**REQUIREMENT:** Among the entries below, one stretch runs from the line that contains "This Lakshmi Handheld" through the line that contains "Am 04. Mai 2019". Repeat that stretch exactly, ends included, and only that.

**INPUT DATA:**
————
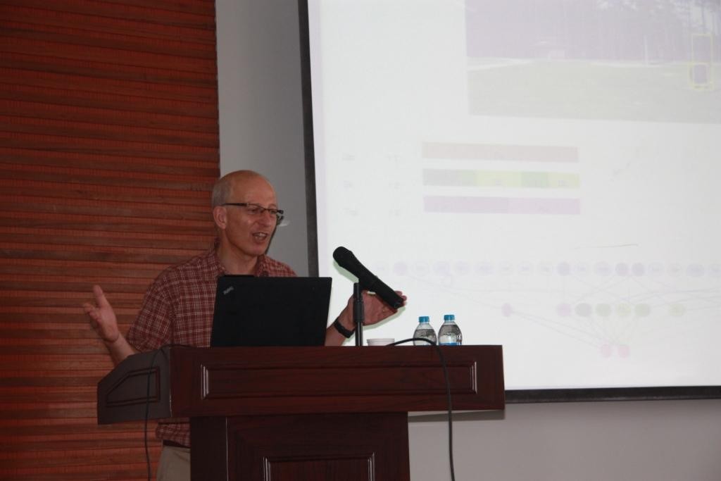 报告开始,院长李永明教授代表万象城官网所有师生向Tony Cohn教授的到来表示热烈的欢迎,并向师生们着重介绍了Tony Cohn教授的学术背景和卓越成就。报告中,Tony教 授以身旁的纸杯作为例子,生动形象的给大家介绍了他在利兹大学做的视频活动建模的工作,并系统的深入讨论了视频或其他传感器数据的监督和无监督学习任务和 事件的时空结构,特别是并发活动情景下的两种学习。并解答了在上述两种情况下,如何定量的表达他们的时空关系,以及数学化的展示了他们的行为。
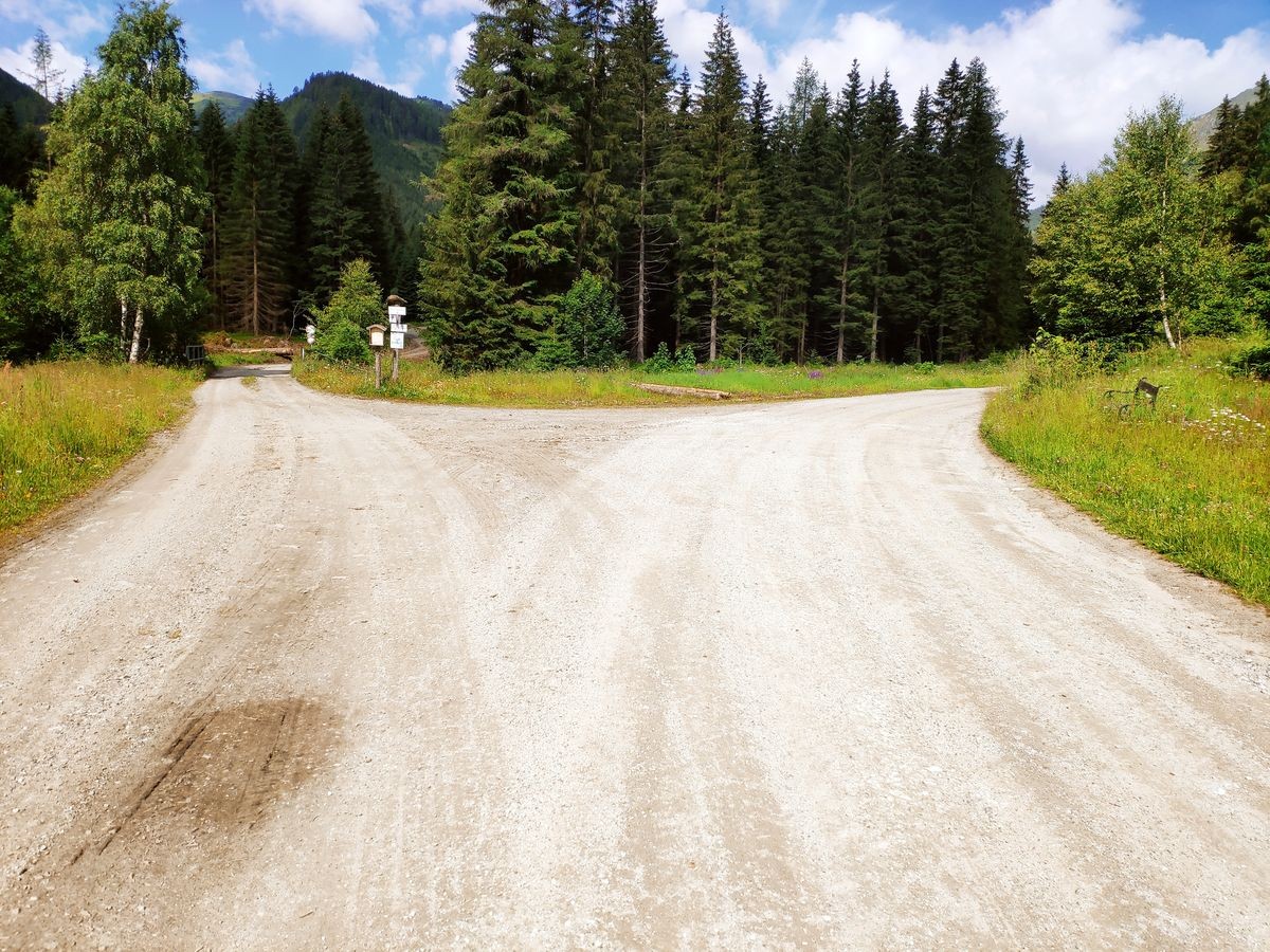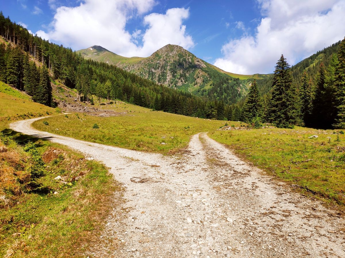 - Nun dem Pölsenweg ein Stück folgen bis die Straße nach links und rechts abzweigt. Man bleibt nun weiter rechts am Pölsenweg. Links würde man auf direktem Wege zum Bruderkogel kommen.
————
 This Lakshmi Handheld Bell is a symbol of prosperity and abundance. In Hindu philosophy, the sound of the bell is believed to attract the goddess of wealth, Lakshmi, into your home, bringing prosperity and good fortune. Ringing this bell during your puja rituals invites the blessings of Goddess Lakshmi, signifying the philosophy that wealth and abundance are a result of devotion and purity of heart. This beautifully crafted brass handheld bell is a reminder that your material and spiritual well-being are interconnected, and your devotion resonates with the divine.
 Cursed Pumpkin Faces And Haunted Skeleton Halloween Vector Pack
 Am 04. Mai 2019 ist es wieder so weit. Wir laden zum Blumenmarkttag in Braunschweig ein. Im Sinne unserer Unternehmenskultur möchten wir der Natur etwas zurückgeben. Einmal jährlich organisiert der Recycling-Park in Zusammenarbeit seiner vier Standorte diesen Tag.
————
**RESULT OF THE TASK:**
 This Lakshmi Handheld Bell is a symbol of prosperity and abundance. In Hindu philosophy, the sound of the bell is believed to attract the goddess of wealth, Lakshmi, into your home, bringing prosperity and good fortune. Ringing this bell during your puja rituals invites the blessings of Goddess Lakshmi, signifying the philosophy that wealth and abundance are a result of devotion and purity of heart. This beautifully crafted brass handheld bell is a reminder that your material and spiritual well-being are interconnected, and your devotion resonates with the divine.
 Cursed Pumpkin Faces And Haunted Skeleton Halloween Vector Pack
 Am 04. Mai 2019 ist es wieder so weit. Wir laden zum Blumenmarkttag in Braunschweig ein. Im Sinne unserer Unternehmenskultur möchten wir der Natur etwas zurückgeben. Einmal jährlich organisiert der Recycling-Park in Zusammenarbeit seiner vier Standorte diesen Tag.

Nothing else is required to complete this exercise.